Mecina is the core of the old town of Mecina-Fondales, which consisted of three small towns: Mecina, Fondales and Mecinilla. It is the second town in size and population of the municipality of La Taha. Mecina is built around a common threshing floor, and its streets stretch from here down. As Mecinilla, and Fondales, they retain a large degree of architectural authenticity.
Mecina adjoining neighborhood, but an independent basis. It appears in the modern age as a group of 15 or 20 houses. Really charming and totally respectful with the traditional architecture, is the perfect place from which to meet the other villages in the área.

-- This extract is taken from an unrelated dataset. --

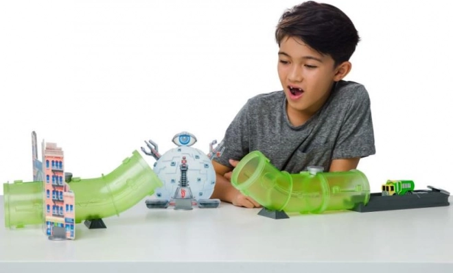 Svietivo zelené priehľadné tunely dodávajú dráhe jedinečný vzhľad a umožňujú kreatívne scenáre hry.
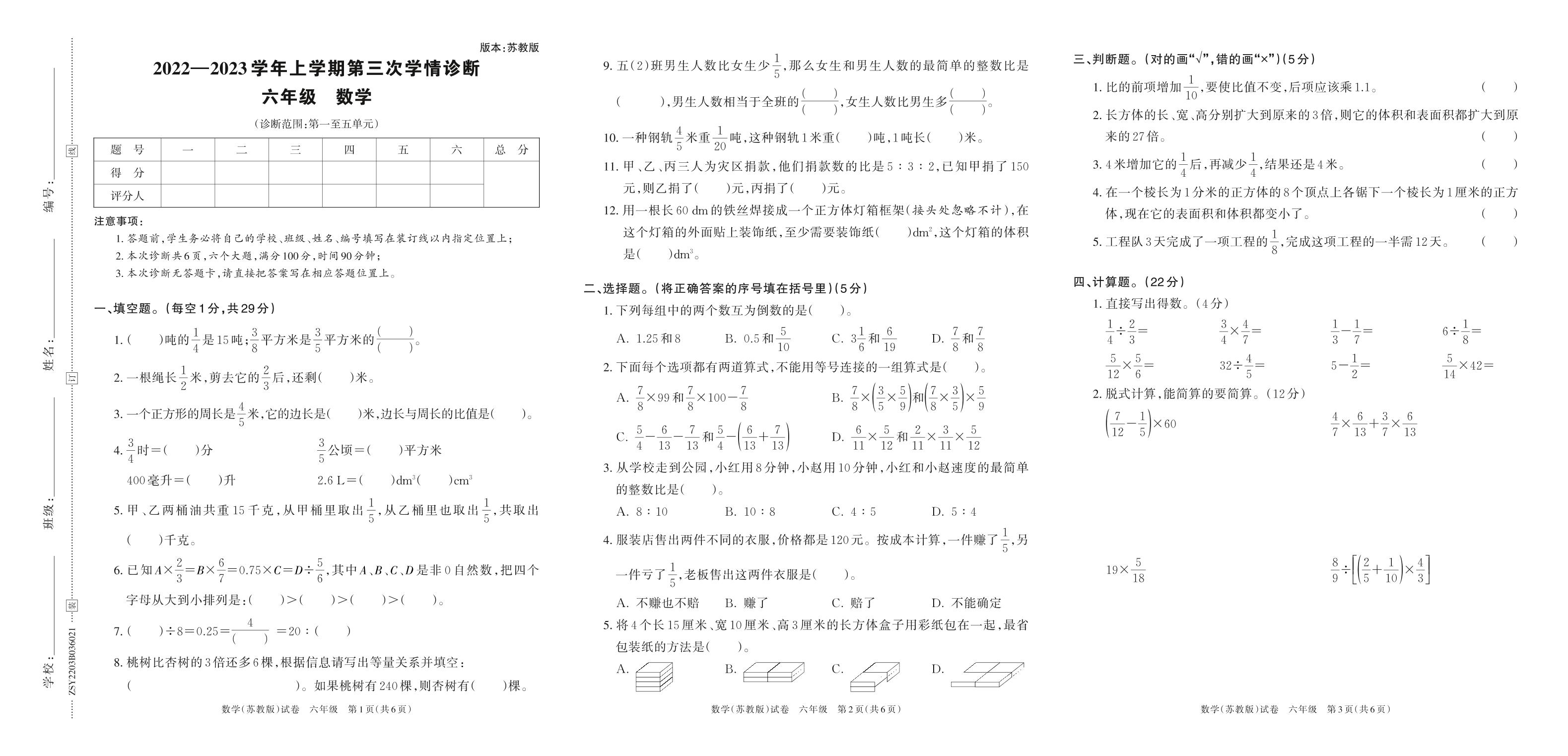 2022—2023学年上学期第三次学情诊断B卷六年级数学(苏教版)

It is the town that is located more on the “deep” (hence the name), perhaps the least accessible. Its architecture has hardly changed, in it there are plenty of traditional tinaos and porches and a purity of features that make it one of the most visited. Fondales is the town where writer Gerald Brenan set his summer residence.
It has a magnificent medieval bridge over the the Trevélez river. The road running through it is the former official route from Órgiva and gives access to two large cisterns. There are also a source of sour water. The village has many roads that lead to it, from it then connects Mecinilla Mecina and above Pitres, or to the area of Órgiva and Guadalefeo river.
Their threshing floor, little known, are part of the legacy left us by the people of these lands and are now neatly kept by his descendants.
It is the highest nucleus of the municipality (over 1400 m), with exceptional views over La Taha. Its appearance retains the characteristic features of the Alpujarra architecture. Although small, the village preserves all the elements of a population center: well connected by a path from Pitres, another by Aylacares, and two more that unite with Bubión (today through the GR-7), and a final towards the mountains. In the upper town, next to the hotel, there is an astronomical observatory.
It is the capital and geographical center of La Taha, being the largest and most populous of all the towns that comprise the core. The village is divided into several neighborhoods articulated around a large square, which formerly was “parade ground” in the war of rebellion of the Moors in the sixteenth century. Now in it the church built on the foundations of the old mosque rises, highlighting its slender tower that customizes Pitres.